- WHAT THIS TASK INVOLVES -
All records below should be repeated exactly, with the pictures left out.

Items from a data source
^^^^

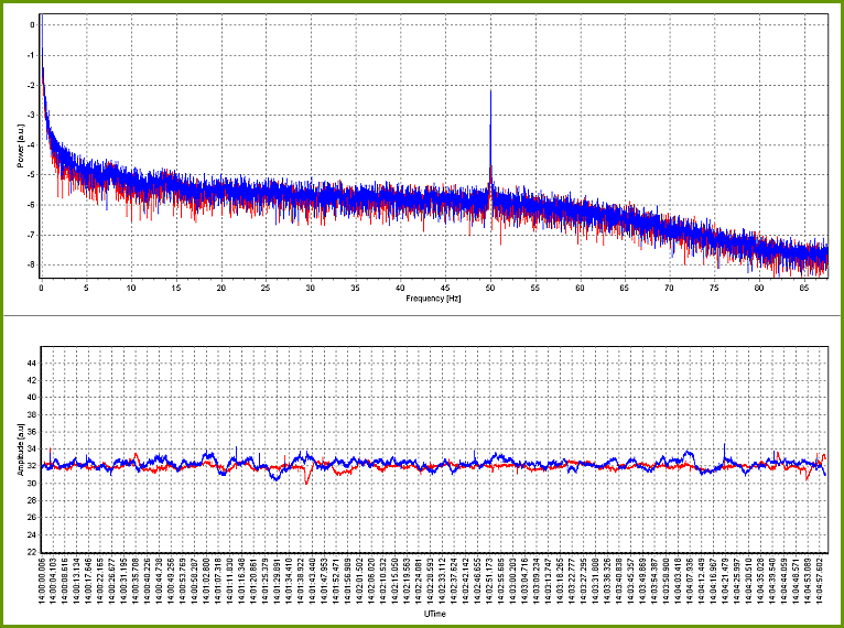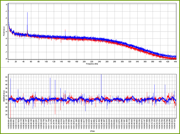 Examples of raw ELF dataHere you can download an example of ASCII file containing 5 minutes of our ELF raw data. The second and the third columns contain the signal collected by our magnetic antennas NS and EW, respectively. The data come from 60Hz bandwidth receiver Ela7 and they were recorded on 10.07.2014 14:00 UT by Hylaty station. The following graph shows the ELF data (16-bit converter units) in the frequency and time domain. |
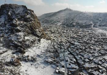 Karla Kaplanan Karahisar Kalesi’Nin Havadan Görüntüsü Büyüledi
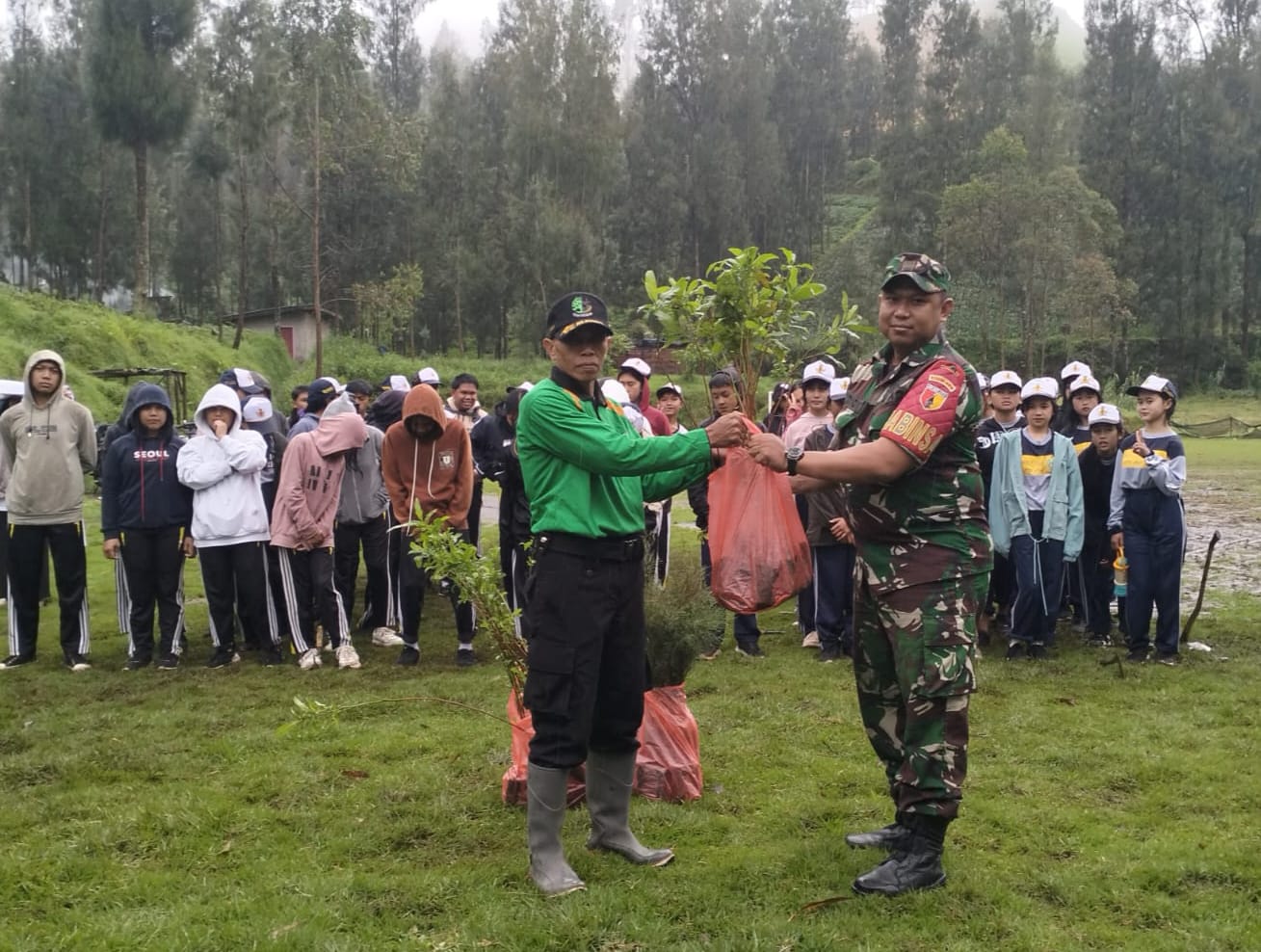 Turut hadir dalam kegiatan tersebut, Kepala Desa Mororejo Bapak Ngatoyo, Asper Tosari Bapak Amir, Kepala SMPN 3 Tosari Ibu Novi, serta peserta penghijauan yang terdiri dari unsur TNI, perangkat desa, pelajar, dan masyarakat setempat.
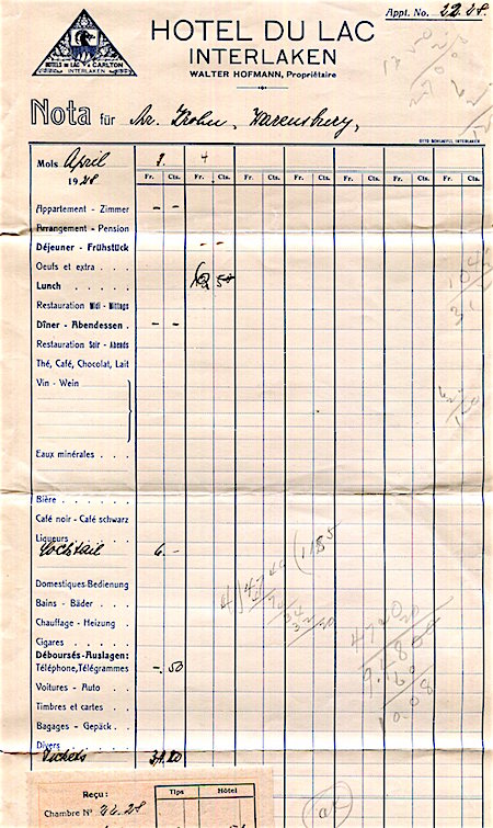 Switzerland Interlaken Hotel Du Lac Receipt 1928
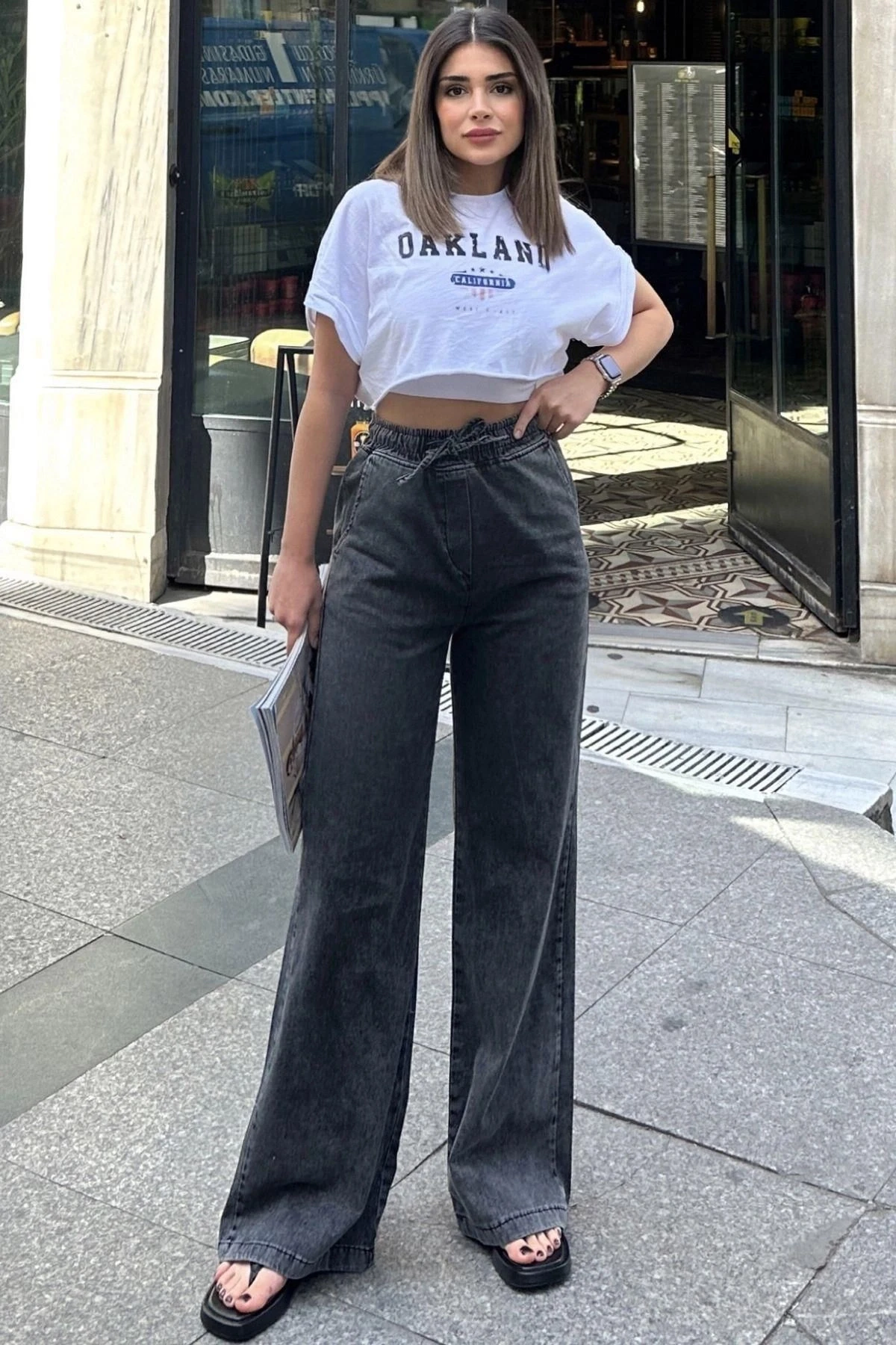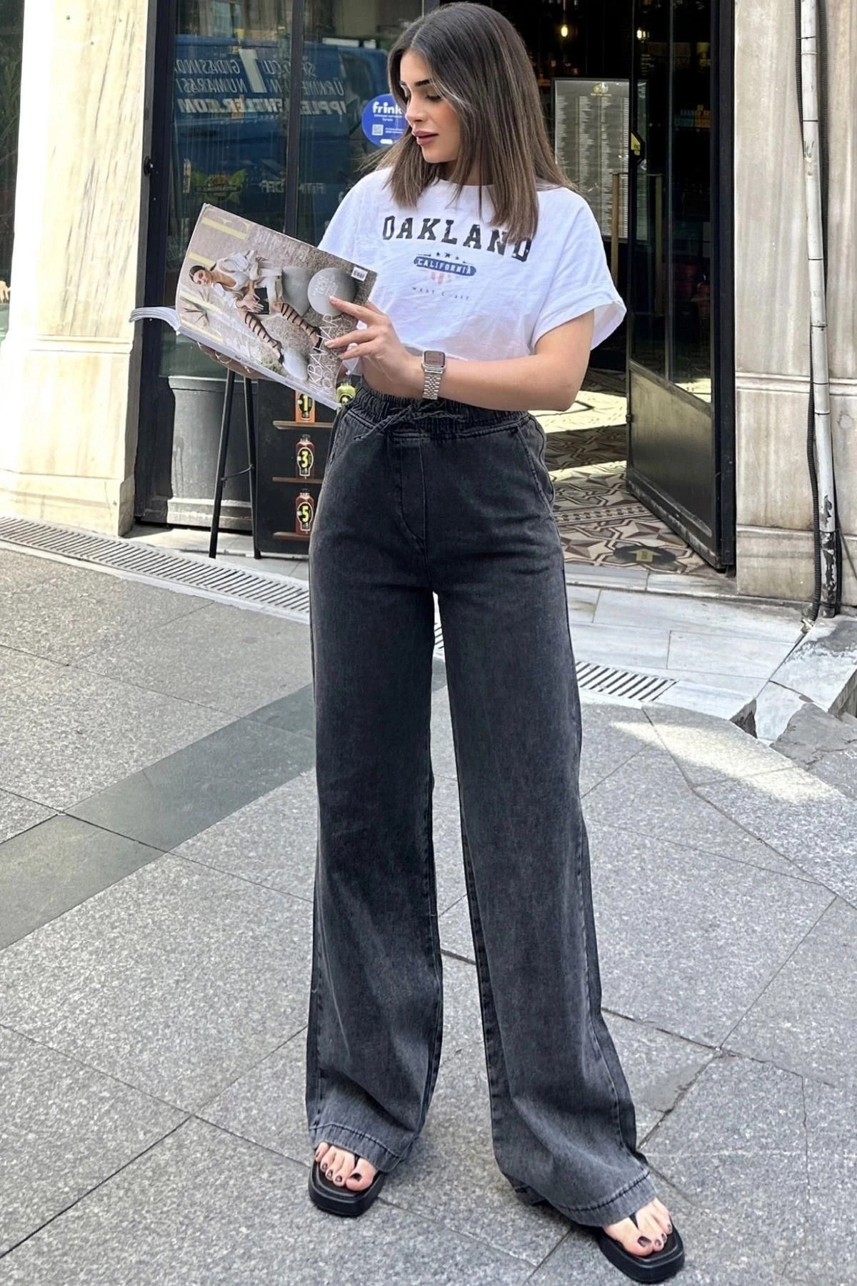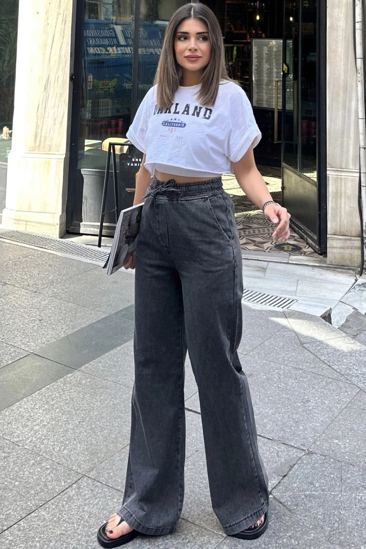 Kadın Siyah Beli Lastikli, Bagcıklı, Cepli, Bol Paça, Palazzo Kot Pantolon - Tesettüre Uygun
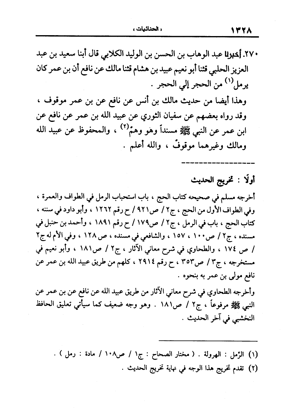270-[279] أَخْبَرَنَا عَبْدُ الْوَهَّابِ بْنُ الْحَسَنِ بْنِ الْوَلِيدِ الْكِلَابِيُّ قال أبنا سعيد بن عبد العزيز الحلبي قال: ثنا أبو نعيم عبيد بن هشام قال: ثنا مالك عن نافع أن ابن عمر كان يرمل من الحجر إلى الحجر.
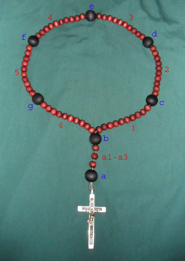 Bei den kleinen roten Perlen (a1-a3) je Perle 1x: Gegrüßet seist du, Maria, voll der Gnade, der Herr ist mit dir. Du bist gebenedeit unter den Frauen, und gebenedeit ist die Frucht deines Leibes, Jesus, Heilige Maria, Mutter Gottes, bitte für uns Sünder jetzt und in der Stunde unseres Todes. Amen
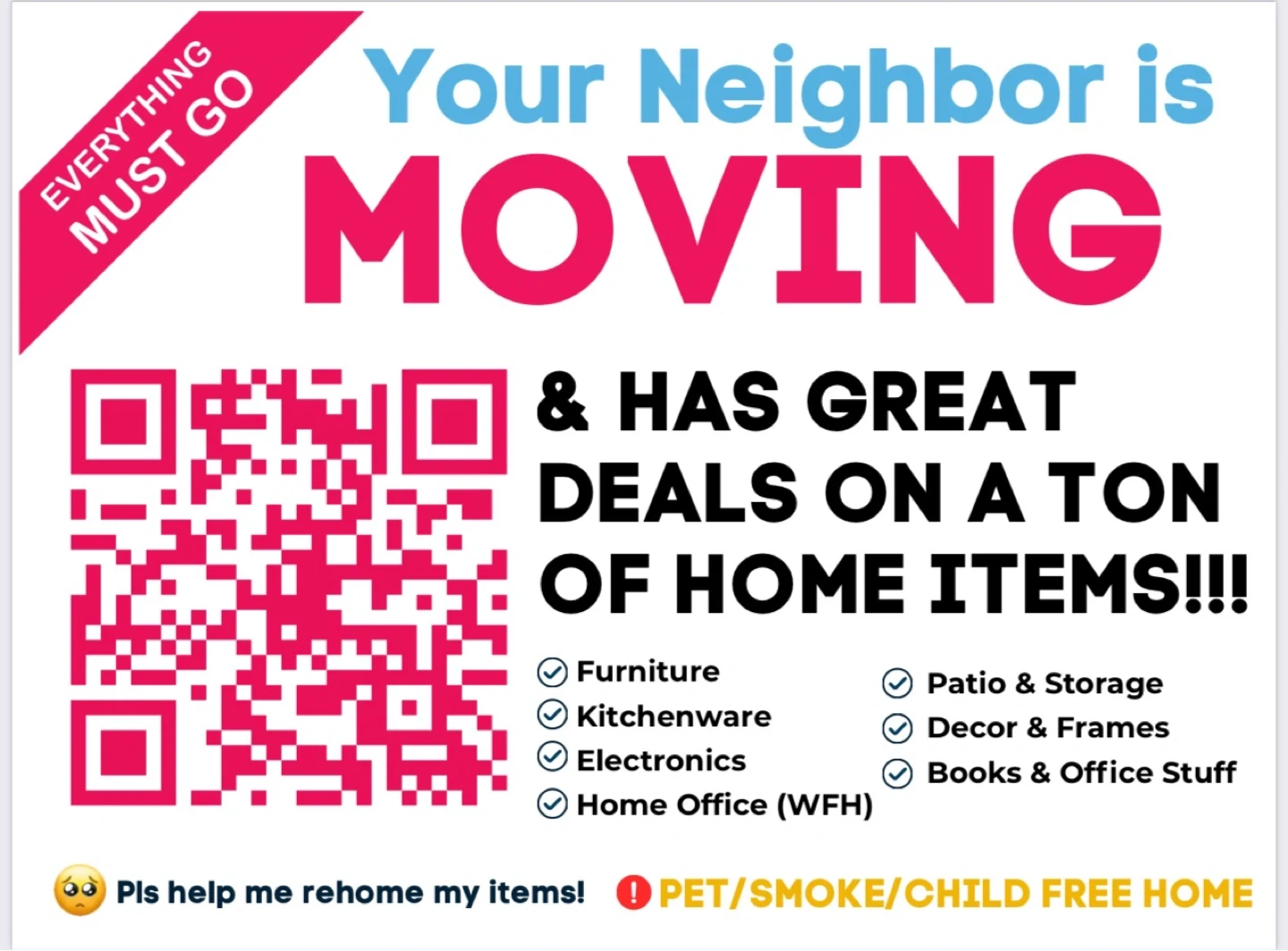 Moving Sale - Furniture, Kitchenware, Electronics & More!
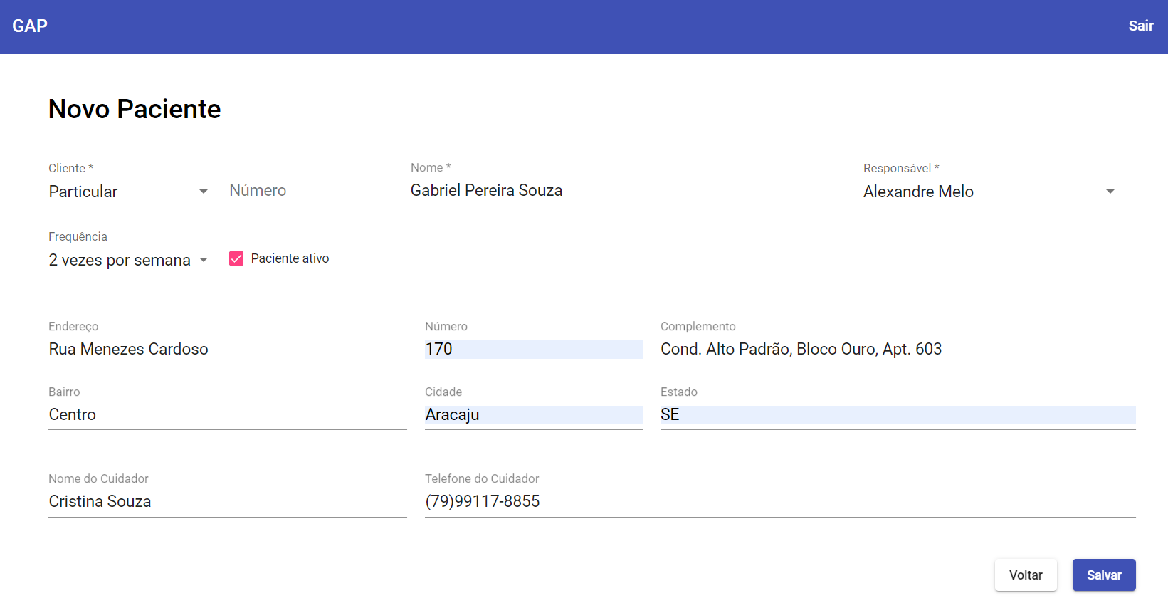 Clique no botão para cadastrar um novo paciente. Em seguida informe o número do paciente caso necessário, informe o nome do paciente e a frequência dos atendimentos. O preenchimento do endereço e dados do cuidador é opcional. Por fim clique no botão Salvar.
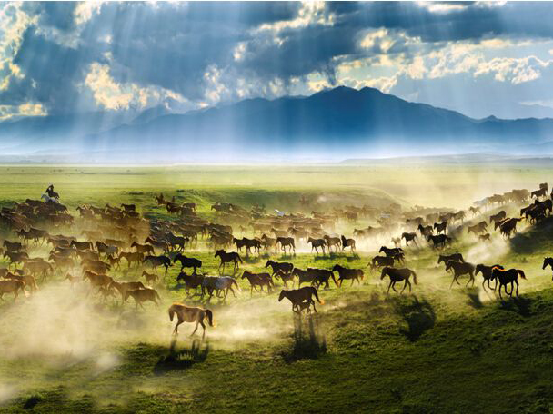 比如阿勒泰地區(qū)的春、夏、秋、冬的牧場(chǎng),可看到新疆游牧民族的游牧生活,如遇到他們轉(zhuǎn)場(chǎng)時(shí),騎馬的牧民趕著成千上萬(wàn)只羊從一個(gè)牧場(chǎng)趕往幾百公里外的另一個(gè)牧場(chǎng),場(chǎng)面非常壯觀。
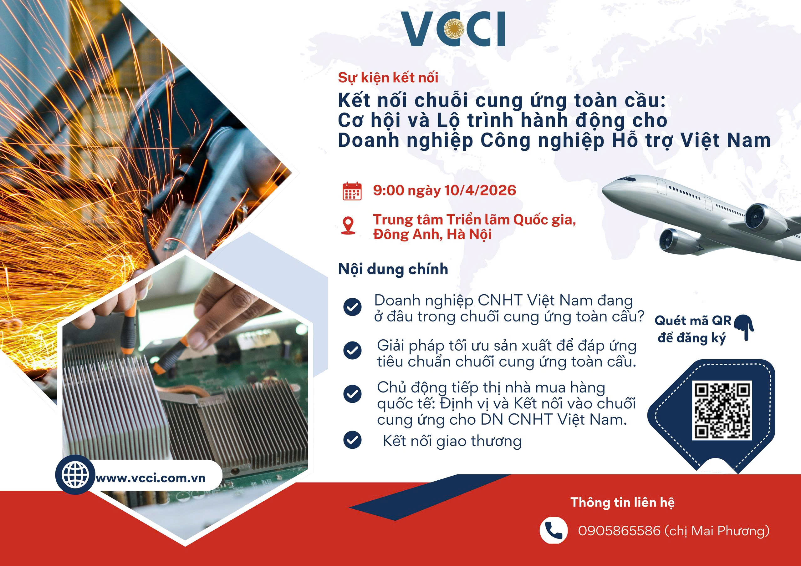 Trung tâm Hỗ trợ Doanh nghiệp nhỏ và vừa, VCCI trân trọng kính mời Quý Doanh nghiệp tham gia Sự kiện kết nối "Kết nối Chuỗi cung ứng toàn cầu: Cơ hội và lộ trình hành động cho Doanh nghiệp công nghiệp hỗ trợ Việt Nam". Thông tin chi tiết như sau:

^^^^

- EXPECTED OUTPUT -
 Examples of raw ELF dataHere you can download an example of ASCII file containing 5 minutes of our ELF raw data. The second and the third columns contain the signal collected by our magnetic antennas NS and EW, respectively. The data come from 60Hz bandwidth receiver Ela7 and they were recorded on 10.07.2014 14:00 UT by Hylaty station. The following graph shows the ELF data (16-bit converter units) in the frequency and time domain. |
 Karla Kaplanan Karahisar Kalesi’Nin Havadan Görüntüsü Büyüledi
 Turut hadir dalam kegiatan tersebut, Kepala Desa Mororejo Bapak Ngatoyo, Asper Tosari Bapak Amir, Kepala SMPN 3 Tosari Ibu Novi, serta peserta penghijauan yang terdiri dari unsur TNI, perangkat desa, pelajar, dan masyarakat setempat.
 Switzerland Interlaken Hotel Du Lac Receipt 1928
 Kadın Siyah Beli Lastikli, Bagcıklı, Cepli, Bol Paça, Palazzo Kot Pantolon - Tesettüre Uygun
270-[279] أَخْبَرَنَا عَبْدُ الْوَهَّابِ بْنُ الْحَسَنِ بْنِ الْوَلِيدِ الْكِلَابِيُّ قال أبنا سعيد بن عبد العزيز الحلبي قال: ثنا أبو نعيم عبيد بن هشام قال: ثنا مالك عن نافع أن ابن عمر كان يرمل من الحجر إلى الحجر.
 Bei den kleinen roten Perlen (a1-a3) je Perle 1x: Gegrüßet seist du, Maria, voll der Gnade, der Herr ist mit dir. Du bist gebenedeit unter den Frauen, und gebenedeit ist die Frucht deines Leibes, Jesus, Heilige Maria, Mutter Gottes, bitte für uns Sünder jetzt und in der Stunde unseres Todes. Amen
 Moving Sale - Furniture, Kitchenware, Electronics & More!
 Clique no botão para cadastrar um novo paciente. Em seguida informe o número do paciente caso necessário, informe o nome do paciente e a frequência dos atendimentos. O preenchimento do endereço e dados do cuidador é opcional. Por fim clique no botão Salvar.
 比如阿勒泰地區(qū)的春、夏、秋、冬的牧場(chǎng),可看到新疆游牧民族的游牧生活,如遇到他們轉(zhuǎn)場(chǎng)時(shí),騎馬的牧民趕著成千上萬(wàn)只羊從一個(gè)牧場(chǎng)趕往幾百公里外的另一個(gè)牧場(chǎng),場(chǎng)面非常壯觀。
 Trung tâm Hỗ trợ Doanh nghiệp nhỏ và vừa, VCCI trân trọng kính mời Quý Doanh nghiệp tham gia Sự kiện kết nối "Kết nối Chuỗi cung ứng toàn cầu: Cơ hội và lộ trình hành động cho Doanh nghiệp công nghiệp hỗ trợ Việt Nam". Thông tin chi tiết như sau:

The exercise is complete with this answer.